» **DATA EXCERPTS**
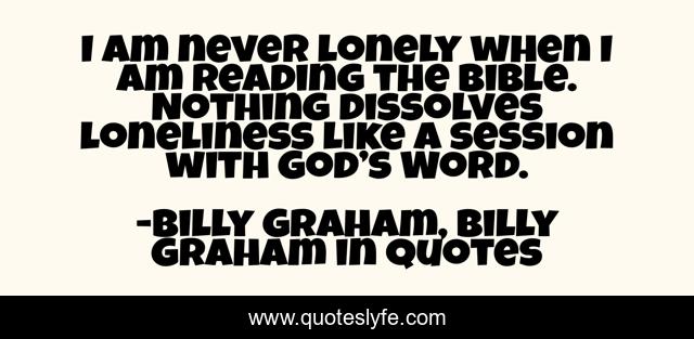This page presents the quote "I am never lonely when I am reading the Bible. Nothing dissolves loneliness like a session with God’s Word.". Author of this quote is Billy Graham, Billy Graham in Quotes. This quote is about loneliness, billy-graham,.
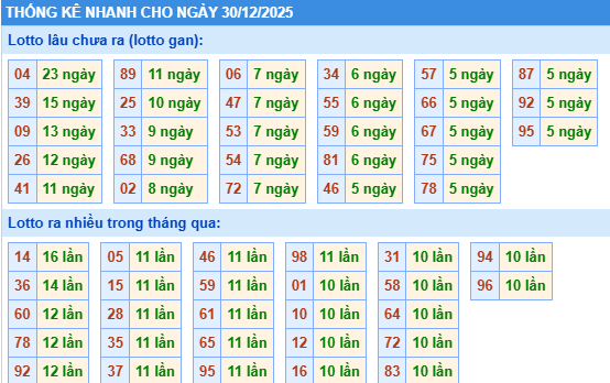 Bảng tần suất lô tô miền bắc ngày 30/12
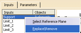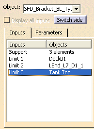 You can change Objects for the Inputs by selecting the limit, and then making another selection in the 3-D session. When you specify the Objects for each input, you will see tags indicating selected Objects, in the 3-D session.
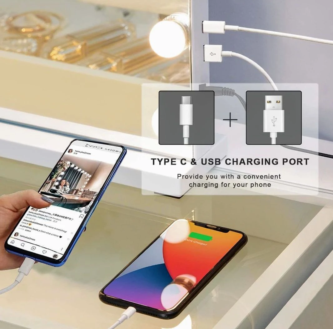 In excellent working condition!! It features a Type C & USB charging port for convenient phone charging. You can also adjust the lighting to cold, natural, or warm light depending on your makeup needs.
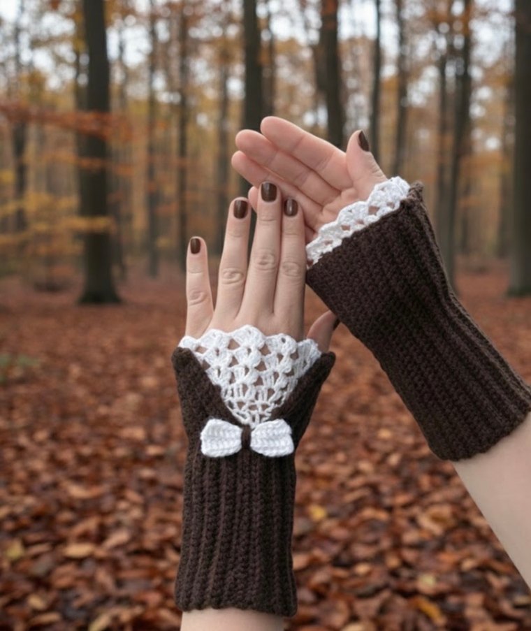 Koyu kahverengi örgü eldivenler, beyaz dantel manşetler ve küçük fiyonk detayıyla rahat ve gotik tarzı birleştirir.
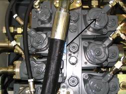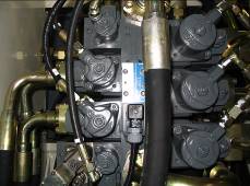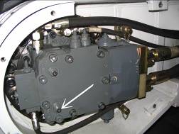按下控制屏上“F3”鍵,快速回收鏟斗,讀出回油壓力,應(yīng)為90--100 bar,如果達(dá)不到,就調(diào)工作閥塊第二個黑六角螺釘,如下圖。
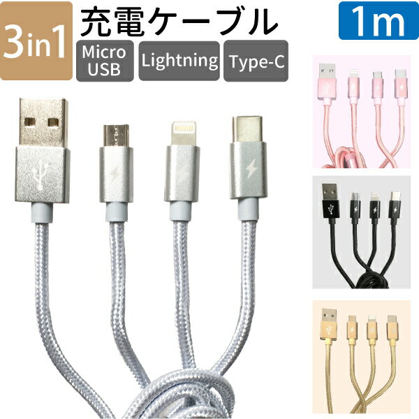 1本3役 充電ケーブル 100cm 200cm 3種端子コネクター Lightning TypeC MicroUSB
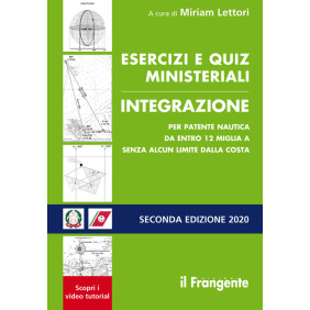 Questo manuale raccoglie i 54 esercizi di carteggio e i 308 quiz di integrazione in vigore dal 1° marzo 2016 per il conseguimento della patente nautica da entro 12 miglia a senza alcun limite dalla costa e ad oggi adottati dalla quasi totalità delle sedi d'esame dell'Autorità Marittima, Capitanerie di Porto e Uffici Circondariali Marittimi. Gli esercizi, che prevedono l'utilizzo della carta didattica 5/D dell'Istituto Idrografico della Marina, sono così strutturati: descrizione, esecuzione, soluzione e rappresentazione grafica sulla carta d'esame al fine di agevolare l'allievo nella verifica dell'esercizio svolto. I 308 quiz sono stati organizzati allo scopo di seguire la stessa sequenza di argomenti adottata nel manuale Patente nautica per l'esame di integrazione. Nel manuale sono presenti dei QR Code per visionare utilissimi tutorial propedeutici al carteggio.
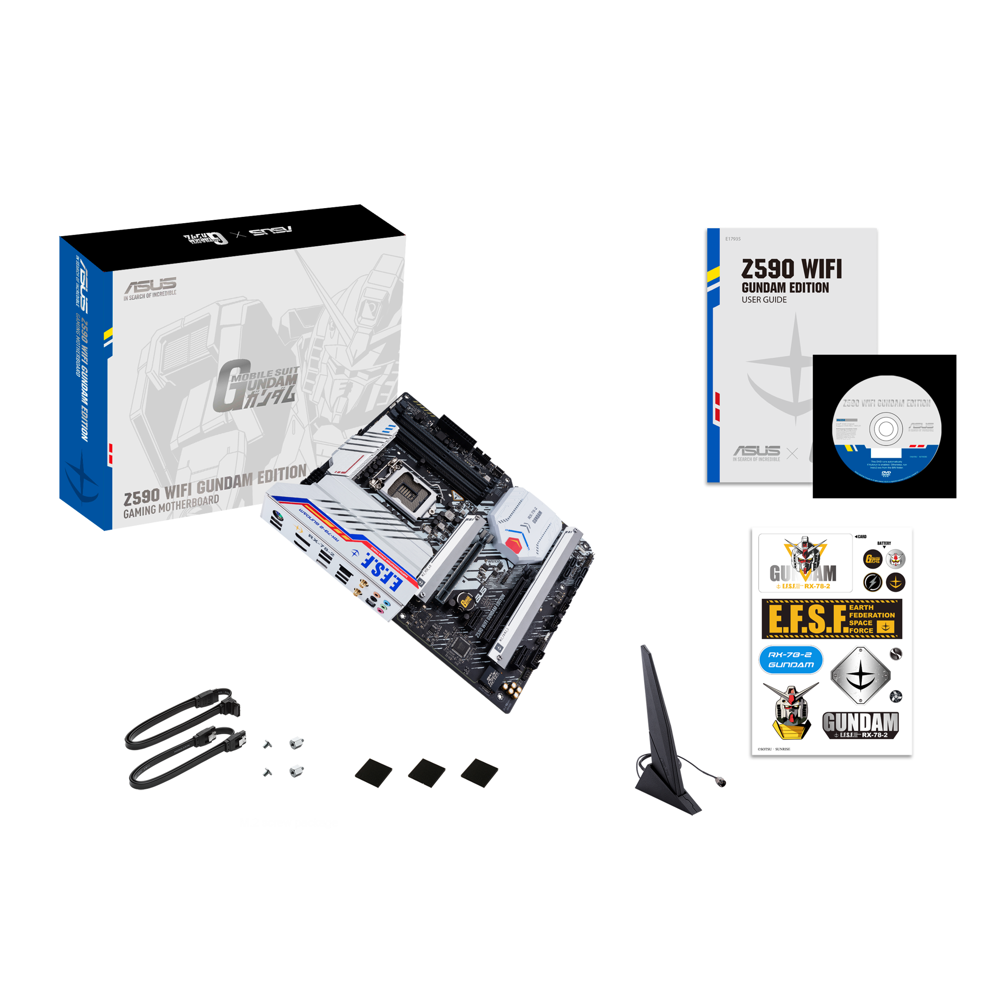 Phụ kiện | Cables 2 x SATA 6Gb/s cables Miscellaneous 1 x ASUS Wi-Fi moving antenna 2 x M.2 Rubber Packages 1 x M.2 SSD screw package 1 x GUNDAM DIY sticker Installation Media 1 x Support DVD Documentation 1 x User manual |
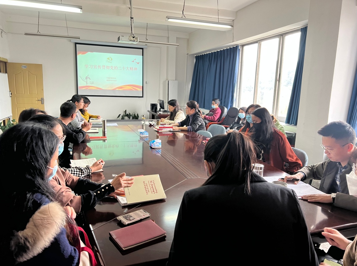 本网讯(外国语学院罗秋梅)为深入学习贯彻党的二十大精神,2022年11月11日上午,外国语学院在综合楼1102会议室召开党的二十大精神宣讲会。学院党总支书记徐焱以“学习宣传贯彻党的二十大精神”为题开展宣讲,学院全体教职工参加了宣讲会。
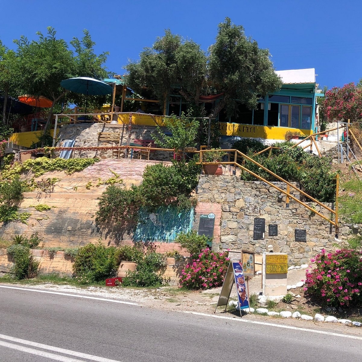 On the provincial road from Agios Nikolaos to Sitia, approximately 22 kilometers from Sitia, you will find the beautiful village of Myrsini and the alternative tavern En Route (Kath' odon)!
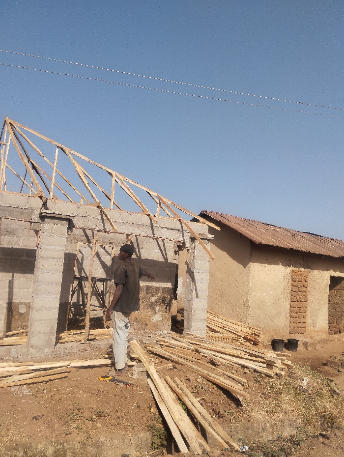 This image, taken in Unguwan Rimi, Nigeria, depicts an active construction site under a clear blue sky
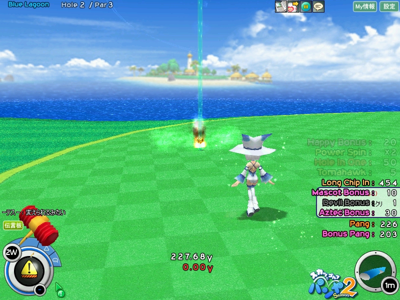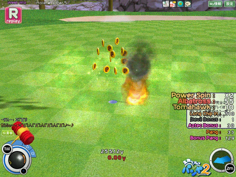 あまり詳しくない方はここで補足説明を、まずグリーンから意図的に外に出し、そこから6Iや9Iを使ってグリーンにバウンドさせずにピンを直接狙うショットです。ビームに当たると急降下する力を利用しているのですね。これだけでBIボーナス100PPが貰えるというお得なショットになっています。
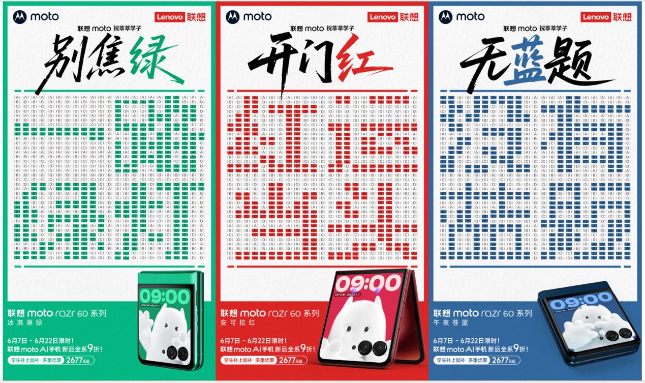 针对广大高考毕业生和大学生朋友,6月7日至6月22日期间,联想motoAI手机新品全系限时9折,叠加国补与联想大学生教育特惠的背景下,联想moto razr 60系列小折叠仅需2677元起,联想moto edge 60系列仅需1300元起。近期有换机需求的用户,千万不要错过这个绝佳时机!
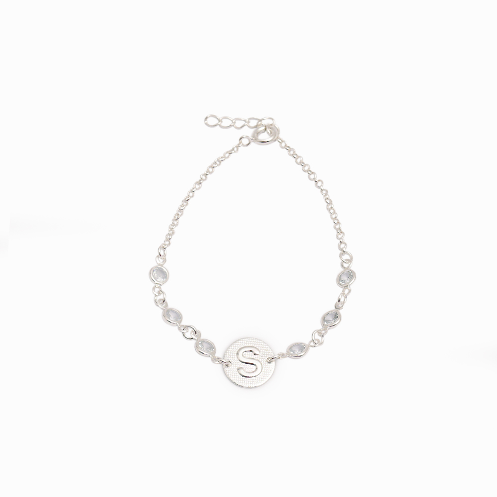 Pulseira Letra S em Prata com Detalhes em Zircônias Cristais – Elegância Personalizada
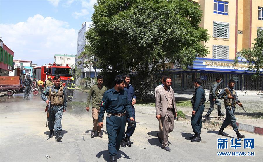 6月2日,在阿富汗首都喀布尔,安全人员检查爆炸现场。 新华社发(拉赫马特·阿里扎达 摄)
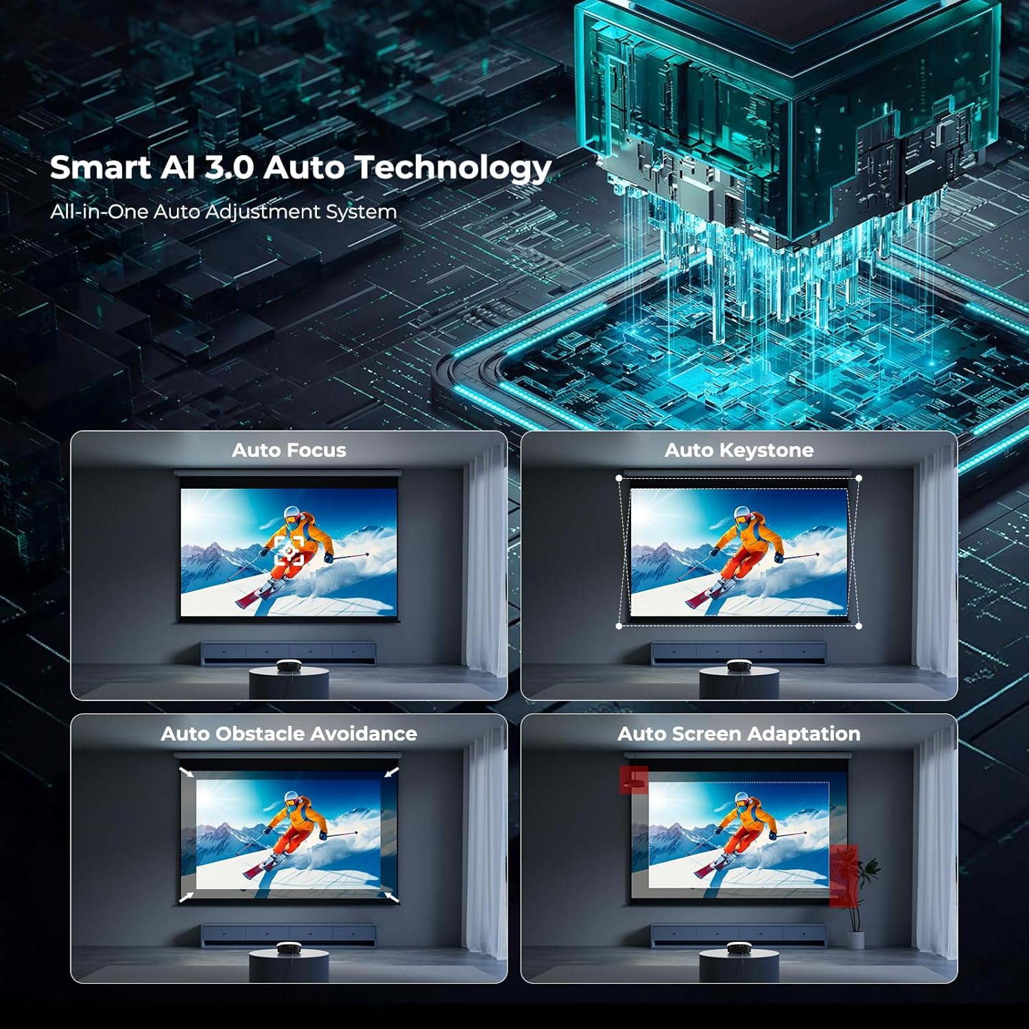 【AI Auto Focus & Smart Screen Fit - Clear Picture in Seconds!】Get a sharp image fast with instant auto focus and auto keystone correction for a well-aligned rectangular picture. Obstacle avoidance helps adjust around nearby objects, and auto screen adaptation fits different wall sizes and surfaces—ideal for movies, gaming, and family nights
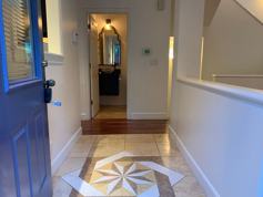 Step inside to a striking entryway featuring tiled flooring with a compass rose design. The kitchen is a chef’s delight with stainless steel appliances, a built-in oven and microwave, stovetop, deep sink, abundant counter space, and rich dark-wood cabinetry accented by textured glass panels. Hardwood floors flow throughout the main living areas, where a formal dining room with pendant lighting connects seamlessly to a spacious living room. Large windows frame the views and fill the space with natural light, while a gas fireplace adds warmth.
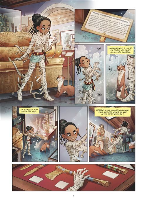 Les aventures palpitantes d’une petite momie plongée dans le monde d’aujourd’hui ! Enfermée dans un musée depuis des siècles, la princesse Tâvutatèt rêne de voyager. mais la célèbre pharaonne Hatchepsout, sa mère, le lui a toujours interdit. Pourtant, une nuit, Tâvutatèt est obligée de fuir des ennemis aussi puissants que mystérieux. Commence alors un trépidant périple qui mènera la jeune momie jusqu’en Angleterre…
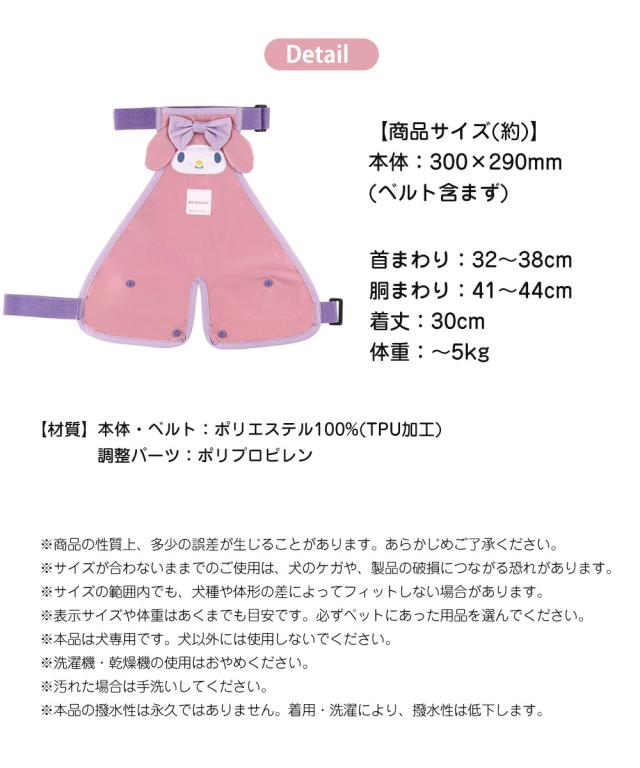 泥よけ エプロン 犬用 レインコート ドッグウェア かわいい 泥よけ 犬の服 ドッグウェア 男の子 女の子 犬のカッパ 雨カッパ いぬ 雨合羽 撥水 梅雨 散歩 ペット用品 レインコート S マイメロディ ピンク PEP1

» **WHAT TO WORK ON**
Exactly as they appear, print the lines of the listing above from its first line through the line that contains "Phụ kiện | Cables", minus the pictures.

» **SOLVED PROBLEM**
This page presents the quote "I am never lonely when I am reading the Bible. Nothing dissolves loneliness like a session with God’s Word.". Author of this quote is Billy Graham, Billy Graham in Quotes. This quote is about loneliness, billy-graham,.
 Bảng tần suất lô tô miền bắc ngày 30/12
 You can change Objects for the Inputs by selecting the limit, and then making another selection in the 3-D session. When you specify the Objects for each input, you will see tags indicating selected Objects, in the 3-D session.
 In excellent working condition!! It features a Type C & USB charging port for convenient phone charging. You can also adjust the lighting to cold, natural, or warm light depending on your makeup needs.
 Koyu kahverengi örgü eldivenler, beyaz dantel manşetler ve küçük fiyonk detayıyla rahat ve gotik tarzı birleştirir.
按下控制屏上“F3”鍵,快速回收鏟斗,讀出回油壓力,應(yīng)為90--100 bar,如果達(dá)不到,就調(diào)工作閥塊第二個黑六角螺釘,如下圖。
 1本3役 充電ケーブル 100cm 200cm 3種端子コネクター Lightning TypeC MicroUSB
 Questo manuale raccoglie i 54 esercizi di carteggio e i 308 quiz di integrazione in vigore dal 1° marzo 2016 per il conseguimento della patente nautica da entro 12 miglia a senza alcun limite dalla costa e ad oggi adottati dalla quasi totalità delle sedi d'esame dell'Autorità Marittima, Capitanerie di Porto e Uffici Circondariali Marittimi. Gli esercizi, che prevedono l'utilizzo della carta didattica 5/D dell'Istituto Idrografico della Marina, sono così strutturati: descrizione, esecuzione, soluzione e rappresentazione grafica sulla carta d'esame al fine di agevolare l'allievo nella verifica dell'esercizio svolto. I 308 quiz sono stati organizzati allo scopo di seguire la stessa sequenza di argomenti adottata nel manuale Patente nautica per l'esame di integrazione. Nel manuale sono presenti dei QR Code per visionare utilissimi tutorial propedeutici al carteggio.
 Phụ kiện | Cables 2 x SATA 6Gb/s cables Miscellaneous 1 x ASUS Wi-Fi moving antenna 2 x M.2 Rubber Packages 1 x M.2 SSD screw package 1 x GUNDAM DIY sticker Installation Media 1 x Support DVD Documentation 1 x User manual |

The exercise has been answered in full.